Two years later, it has few friends in the Trump administration or in Tehran.
When it was signed in Vienna, President Barack Obama and his secretary of state, John Kerry, claimed the pact-commonly known as JCPOA, for Joint Comprehensive Plan of Action-as an undeniable success.
Their Iranian counterparts, President Hassan Rouhani and Foreign Minister Mohammad Javad Zarif, were equally ebullient. The pact was also signed by China, Russia, France, Britain and Germany, lending it additional weight.
In force since January 16, 2016, the JCPOA provides for international monitoring of Tehran's nuclear program to ensure its purely peaceful, civilian use.
In exchange, Tehran was promised the gradual lifting of the international sanctions that have strangled the Iranian economy for years. But during his presidential campaign, billionaire Republican Donald Trump made the accord a favorite target.
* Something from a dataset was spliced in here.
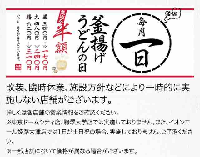 ・毎月一日釜揚げうどんの日は釜揚げうどんの並・大・得が半額になる
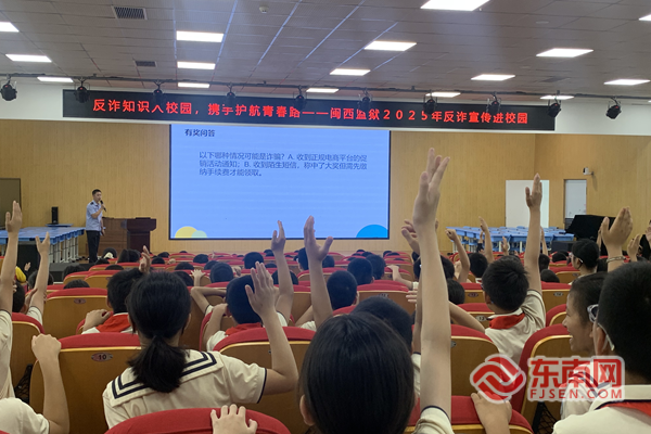 在閩西監獄民警進校園開展法治宣傳教育活動中,孩子們踴躍參與其中,積極和民警互動 在龍巖二中,退役軍人、閩西監獄六分監獄民警陳玉文以“鑄強國魂,立報國志”為主題,為千余名師生作國防教育宣講。他從《中華人民共和國國防法》切入,系統介紹中國武裝力量結構和各軍種職能,更以親身經歷的軍旅生活,拉近青少年與大國國防的距離。他從“海上守護戰機起降”到“高墻內守護社會底線”的崗位轉變,生動詮釋了軍人與警察兩重使命背后的同一份忠誠。 在松濤小學,閩西監獄四分監區民警以“平安進校園,安全我護航”為主題,為四年級學生帶來一堂實用的法治安全課。圍繞交通安全、用火用電、食品安全等內容,民警通過交通標志競猜、視頻案例剖析等形式,增強學生自我保護意識。結合未成年人保護相關法律,他們還將“游戲皮膚詐騙”“追星打賞騙局”等熱點問題轉化為通俗易懂的案例,引導學生知法守法、遠離陷阱。

In campaign speech after campaign speech, he pronounced it "the worst deal ever," and he vowed, if elected, to "rip it up."
As president, however, Trump has not carried out his threat.
In May, the Trump administration even decided to pursue the Obama policy of easing some sanctions at least while completing a JCPOA review to decide-in principle by Monday-whether to continue lifting sanctions.
After vowing to drop out of the Paris climate agreement and questioning the Obama-era opening to Cuba, Trump would be dealing a terrible blow to his predecessor's legacy if he decided to abandon the JCPOA.
The former real estate mogul has already staked out contrary positions to Obama in the Middle East, tightening US ties to Saudi Arabia's Sunni leaders while calling for the "isolation" of their Shiite rivals in Iran.
Washington accuses Tehran of posing a regional "threat" that "destabilizes" Syria, Iraq, Yemen and Lebanon, either directly or through its "terrorist" proxies.